Kirkus Reviews QR Code
HELL BENT FOR LEATHER by Seb Hunter

HELL BENT FOR LEATHER

Confessions of a Heavy Metal Addict

by Seb Hunter

Pub Date: Aug. 6th, 2004
ISBN: 0-06-072292-4

Amusing, sweetly ramshackle compendium of a British lad’s heavy-metal memories.

Londoner Hunter’s debut traipses through the cultural funhouse of the 1980s, an era when sleazy, parent-offending metal achieved mainstream prominence. He recalls the enthusiasm first ignited by AC/DC’s “Let’s Get it Up,” when he was ten: “The world suddenly became three dimensional and my ears popped open.” The accessible lasciviousness of AC/DC and KISS provided Hunter with a valuable template, offering this clueless, nerdy adolescent a darker world of rebellion and sexuality. His dreary education became subordinate to his telescoping obsessions with bands like Judas Priest and Manowar, and after learning three guitar chords, he formed his first metal band, the comically inept Armageddon’s Ring. Hunter writes in a digressive style that allows him to track metal’s development from the decayed dreams of the late ’60s, which produced angry powerhouses like Led Zeppelin and Black Sabbath, to the time of his immersion in the genre, when the “New Wave of British Heavy Metal” was ascendant and iconoclastic, imaginative bands like Iron Maiden transcended cult status to become a commercial force. Hunter examines metal’s secret language, encoded in strangely shaped guitars, overwrought soloing, and obscure tour T-shirts, a knowledge key to young fans’ snobbish allegiances. He alternates these passages (and tangential narratives regarding the international thrash/death-metal underground) with the tale of his stumbling musical ambitions.
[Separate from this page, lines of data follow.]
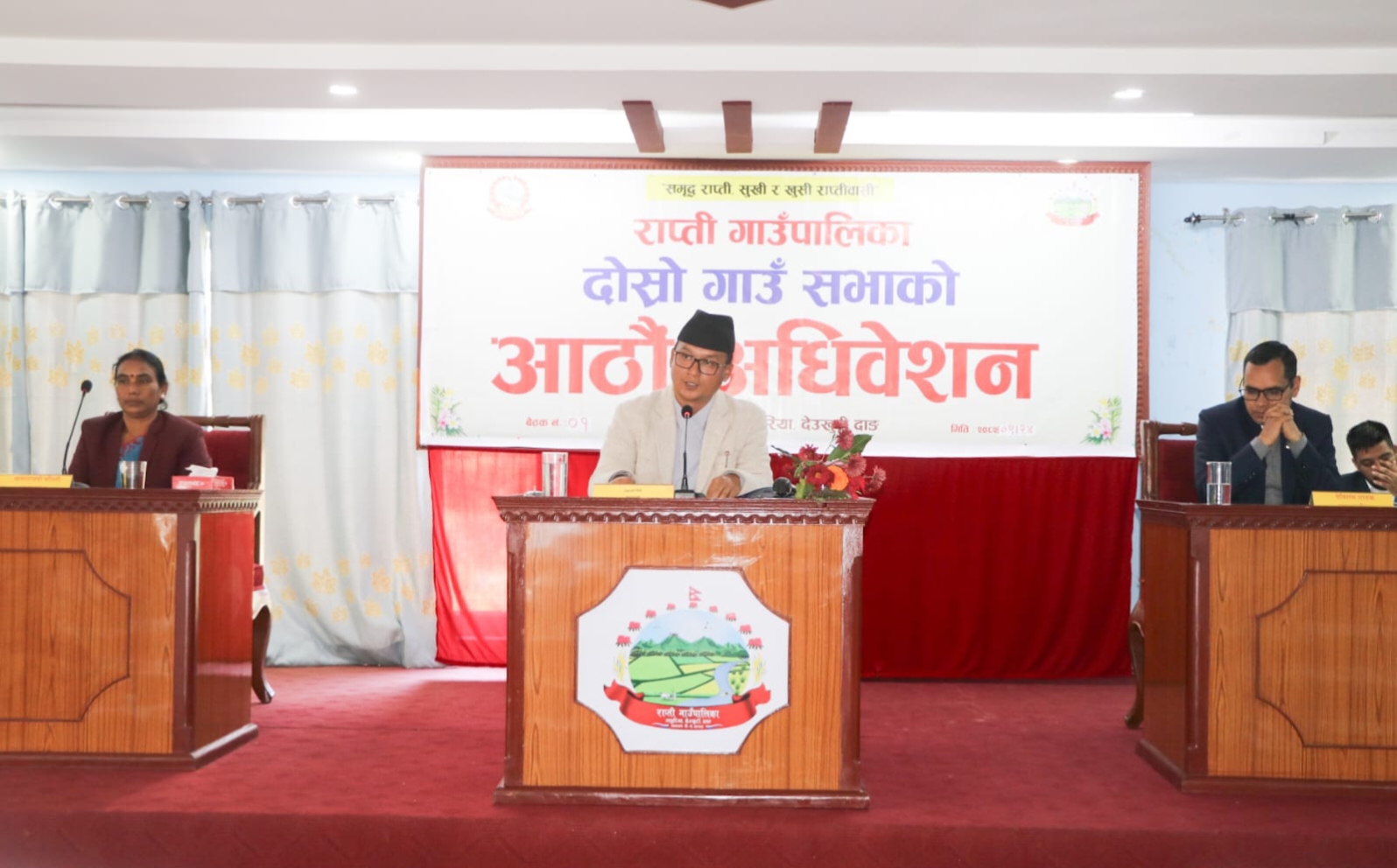 दाङ । देउखुरीको राप्ती गाउँपालिकाको दोस्रो गाउँसभाको आठौँ अधिवेशन बिहीबारदेखि सुरु भएको छ। स्थानीय सरकार सञ्चालन ऐन, २०७४ को दफा १९ तथा लुम्बिनी प्रदेशको गाउँ सभा/नगर सभाको (कार्य सञ्चालन) कार्यविधि ऐन, २०७६ को दफा ३(१) बमोजिम गाउँपालिका अध्यक्ष प्रकाश विष्टको अध्यक्षतामा अधिवेशनको सुरु भएको हो । त्यस्तै अधिवेशनको पहिलो बैठकमा सार्वजनिक महत्वका तीन वटा विधेयक […]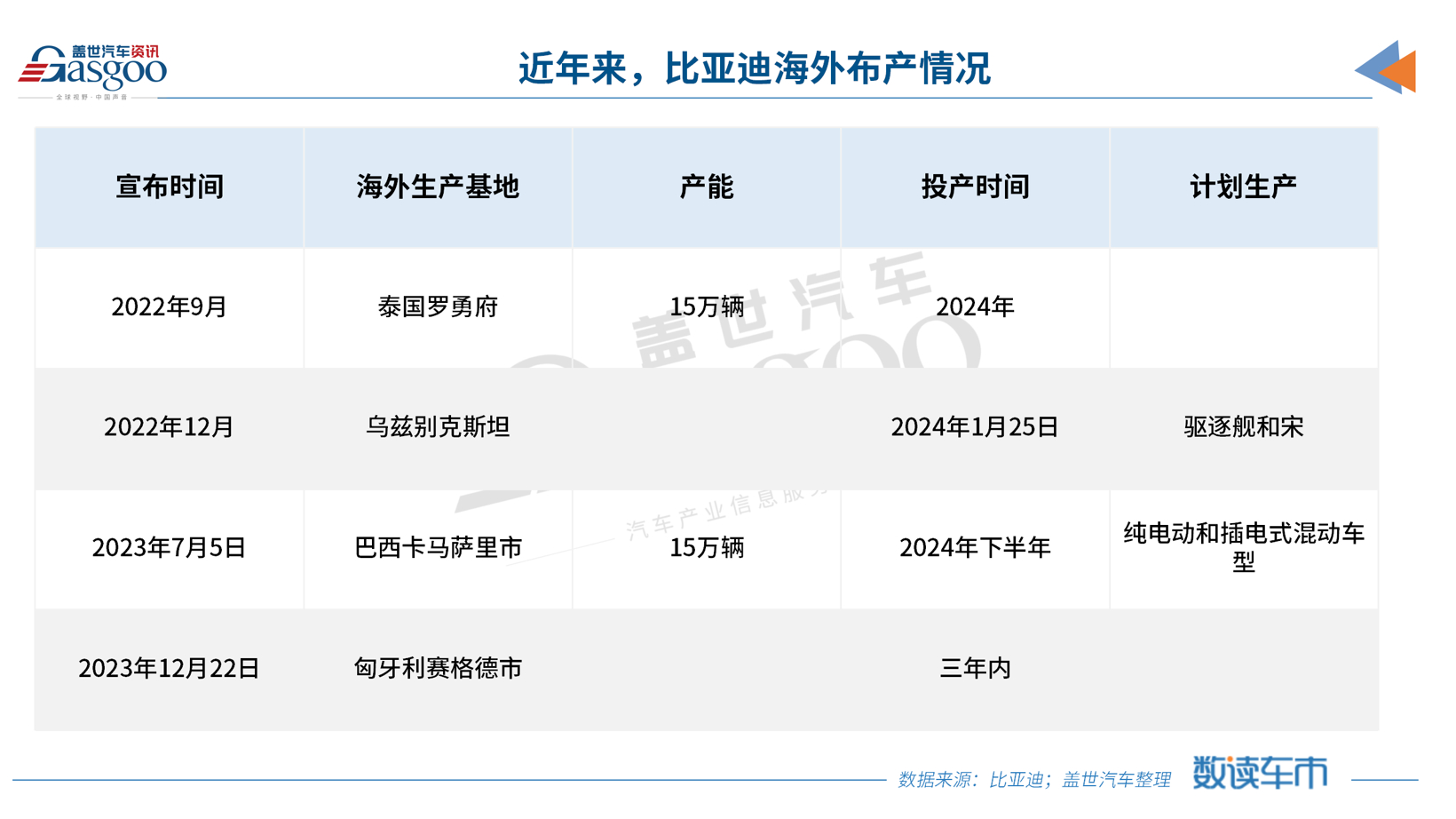 伴随海外市场的热销,比亚迪自2022年下半年起便加速海外布局,至今已完成在东南亚泰国、中亚乌兹别克斯坦、南美洲巴西以及东欧匈牙利海外生产基地的布局。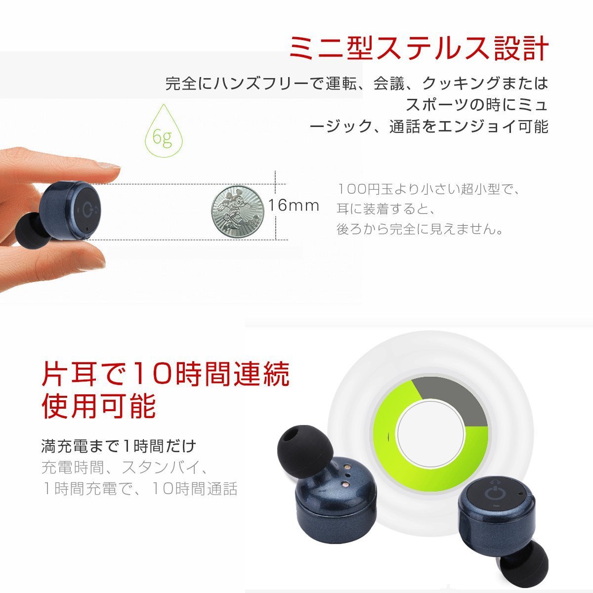 Since the earphone itself is of a canal type, it comes with an earpiece, an exquisite fitting feeling comes out, you can enjoy wireless easily.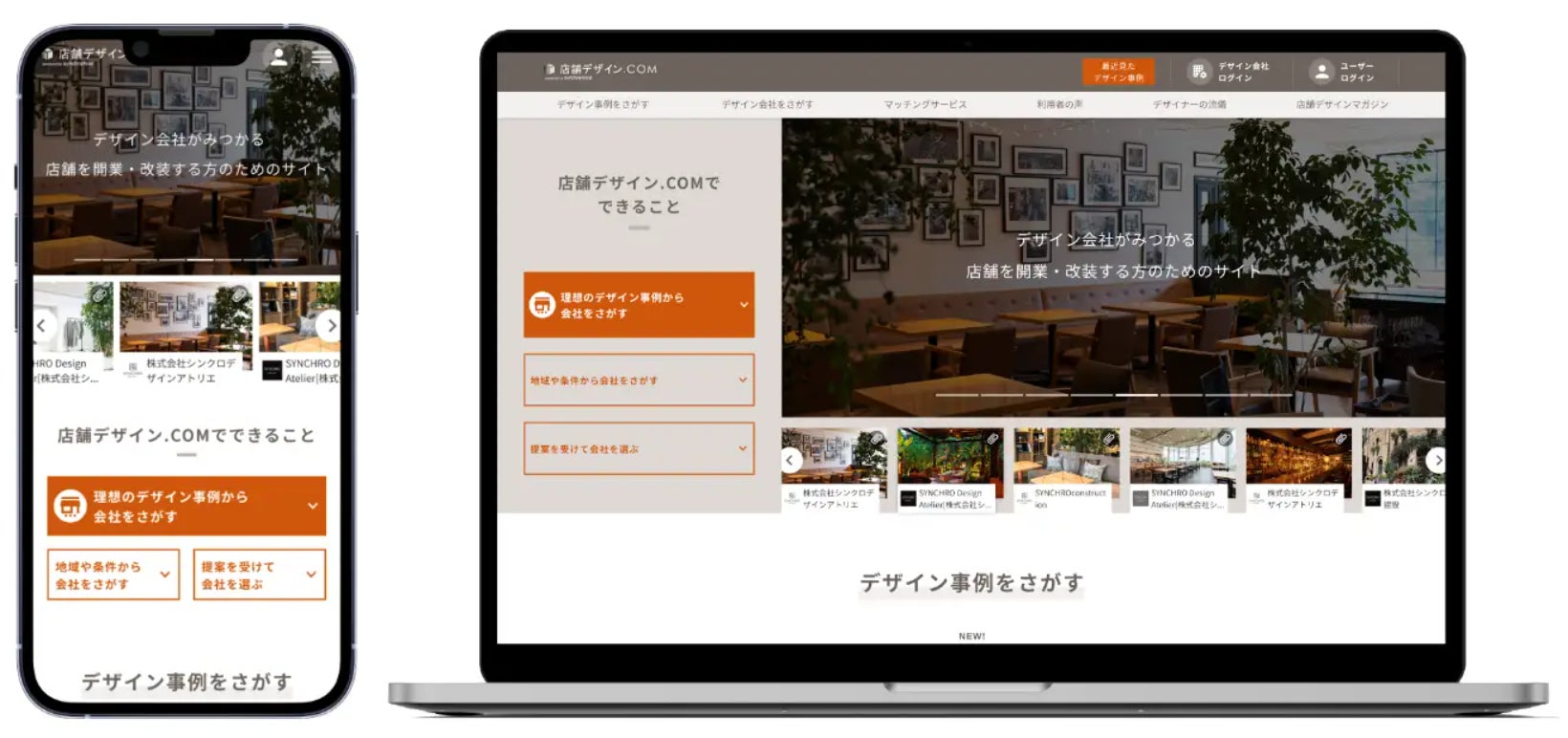 「事例」を見やすく・比べやすいUIに一新。理想の店舗イメージに合った会社探しができるように改善しました。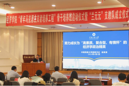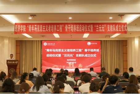 为深入学习贯彻习近平新时代中国特色社会主义思想和党的二十大精神,以马克思主义中国化的最新成果武装青年学生,6月5日晚,经济学院在润良报告厅举行“青年马克思主义者培养工程”骨干培养班(以下简称“青马班”)启动仪式暨“兰元元”支教队成立仪式。校党委常委、副校长李红燕,校团委书记徐其涛,经济学院党委书记戴迎峰,党委副书记、院长李波,党委副书记刘君强,正处级专职组织员黄仕清,副院长熊芳、马楠、毛中明,各年级辅导员出席仪式,第一期“青马班”全体学员、第一届“兰元元”支教队成员代表,学院团学干部代表参加仪式。仪式由经济学院院长李波主持。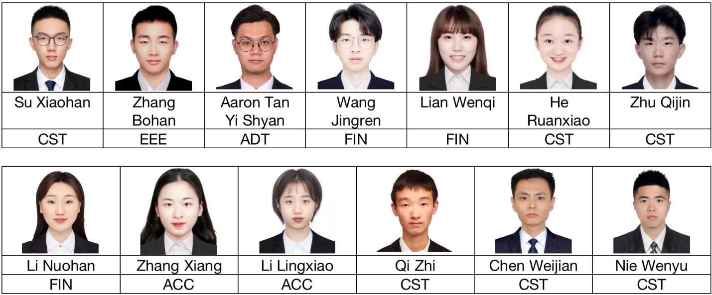 Team members: Zhang Bohan (EEE), Aarong Tan Yi Shyan (ADT), Wang Jingren (FIN), Lian Wenqi (FIN), He Ruanxiao (CST), Zhu Qijin (CST), Li Nuohan (FIN), Zhang Xiang (ACC), Li Lingxiao (ACC), Qi Zhi (CST), Chen Wenjian (CST), Nie Wenyu (CST)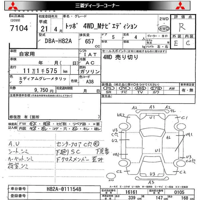 | G | DBA-H82A | 3G83 | FF | 4AT | 657cc | 50ps(37kW)/6500rpm | AИ-92 | 1 197 000 | |
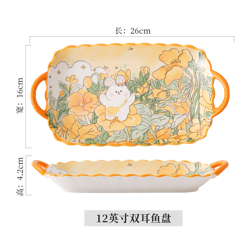 • 꽃속의 토끼 12inch 쌍귀 물고기 접시
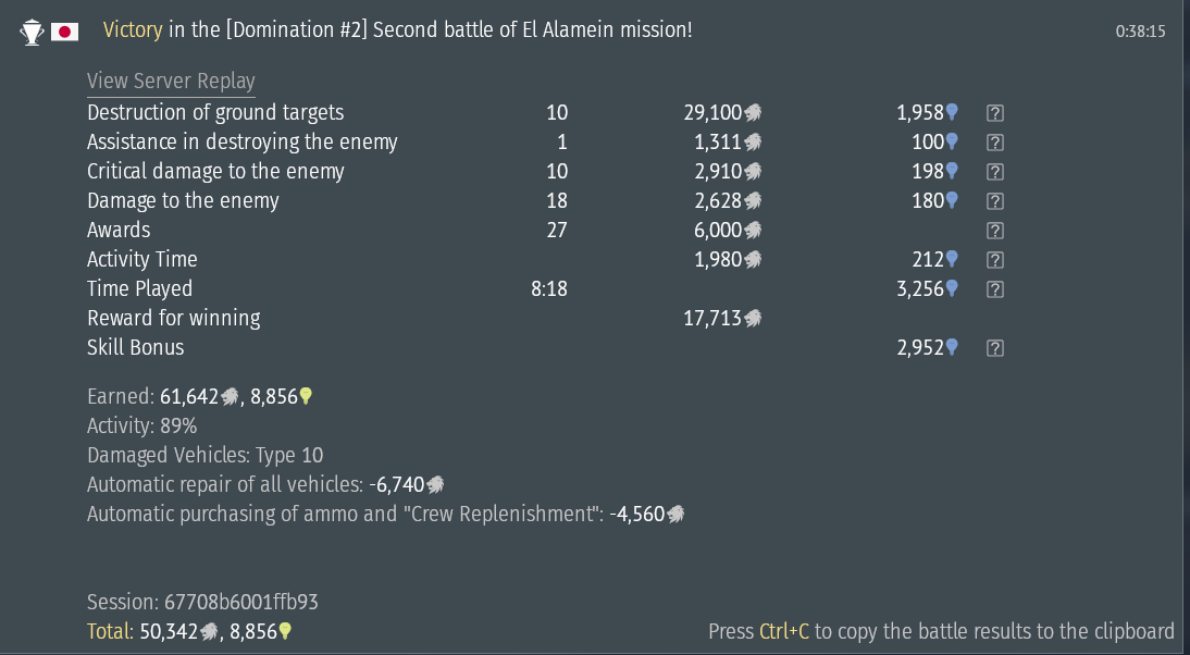 I take a tech tree F2A out, get four kills, fly around until I see “Useful Actions” pop up and land. 19k SL. My plane costs 15.2k to spawn. Take off. Go get three more kills. Die. K/D is 7-1. Mission score is ~4000. Check the balance: +31k SL | -15.2k SL. Get real.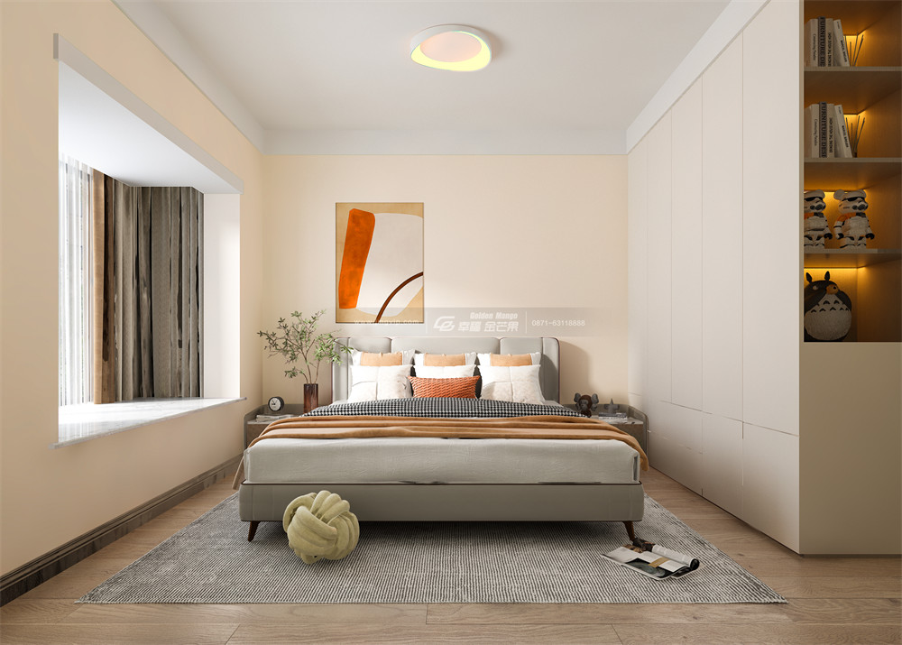 主臥簡約舒適的家居布置下,空間自帶輕松氛圍,橙色元素的點綴,提亮空間整體色調(diào)。熱情洋溢的愛馬仕橙與沉穩(wěn)低調(diào)的灰白色系搭配,兩者融合得不會讓色彩太炸眼,冷暖交融,平衡過渡得剛剛好。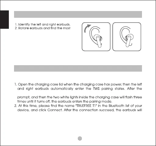 TRUEFREE T1 - Pairing & Connecting; Automatic TWS Pairing; Connecting to Device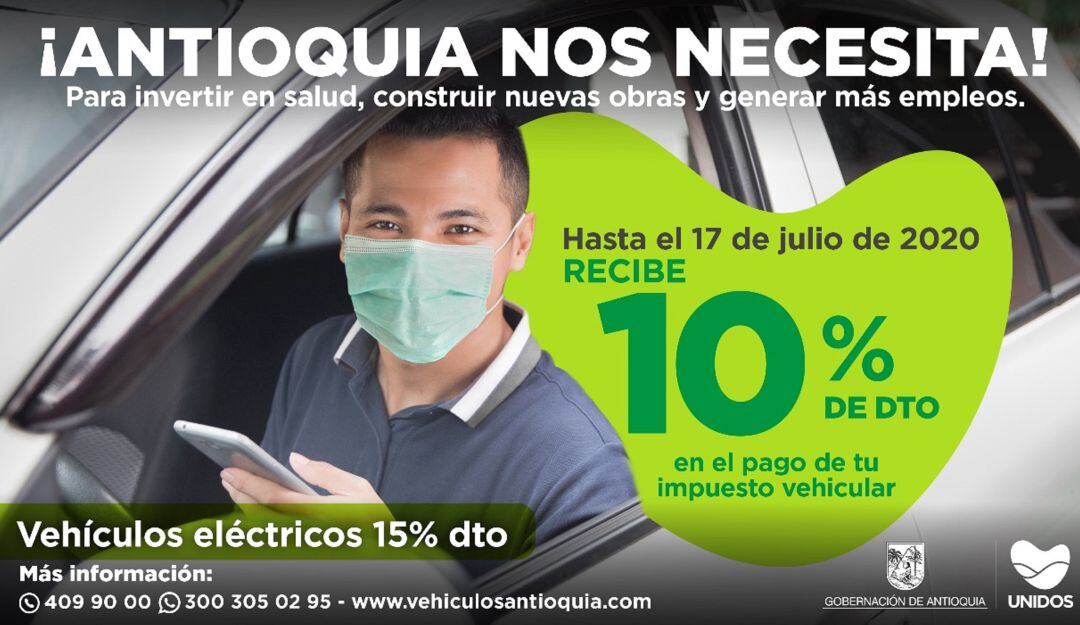 El dinero recaudado en el impuesto vehicular en Antioquia, será invertido en la atención de la salud y en las obras de construcción.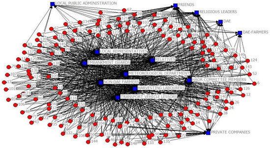 DAE- and non-DAE farmers had connections with formal public sector actors, such as DAE, the meteorological department, and the local public administration; and private sector actors, such as private companies. They were also connected with informal actors, such as DAE- and non-DAE farmers, relatives, friends, harvesting laborers, embankment guards, and transport vehicle lessors; and local elites, such as Haor committee members, local representatives, and religious leaders (see Figure 3 and Figure 4). A large percentage of both DAE- and non-DAE farmers developed clusters with informal, local, and elite actors, such as embankment guards, transport vehicle lessors, harvesting laborers, local representatives, and Haor committee members. DAE was excluded in the DAE-farmers’ clusters and is located at the periphery of the map.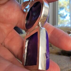 This stunning purple agate geode pendant is a one-of-a-kind statement necklace, featuring a natural agate slice with a sparkling geode center. The top oval stone showcases a unique open geode formation, while the bottom square stone adds a contemporary touch. Set in solid sterling silver, this pendant measures 2.5 x 1 inches and comes with a 20-inch sterling silver chain for effortless wear. Agate is known for its balancing and protective properties, making this an ideal piece for those who love natural gemstone jewelry. The deep purple hues, combined with the intricate silverwork, make it a versatile accessory that complements both casual and elegant styles. Whether you're a boho jewelry lover, a crystal healing enthusiast, or searching for a thoughtful handmade gift, this pendant is a timeless and captivating choice.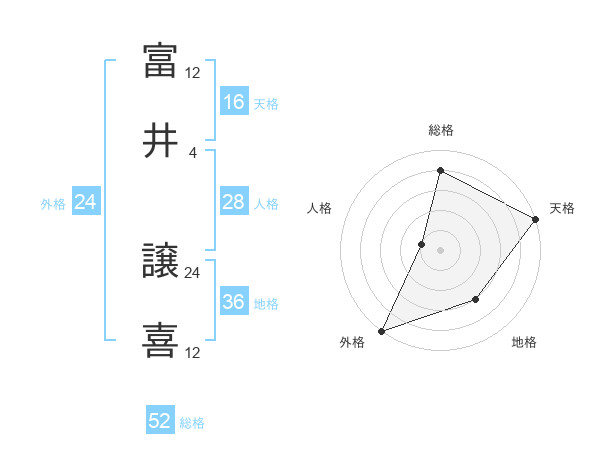 富井 譲喜さんを姓名の画数から五運を鑑定

Hunter dropped out of school at 16 and grew his hair obsessively while laboring in bands like eXposed, Noise Royale, and Rag’n’Bones, whose misadventures ricochet off the big time but do make for droll reading. Although the narrative covers territory familiar from previous metal memoirs like Chuck Klosterman’s Fargo Rock City (2001), Hunter’s may be the funniest yet: his self-deprecating British humor highlights the absurdities inherent in the self-serious gloss of metal’s performers and fans capable of remarking with a straight face about Metallica, “What a silly name. . . . They won’t last long.”

Winning blend of headbanging trivia and adolescent fantasia.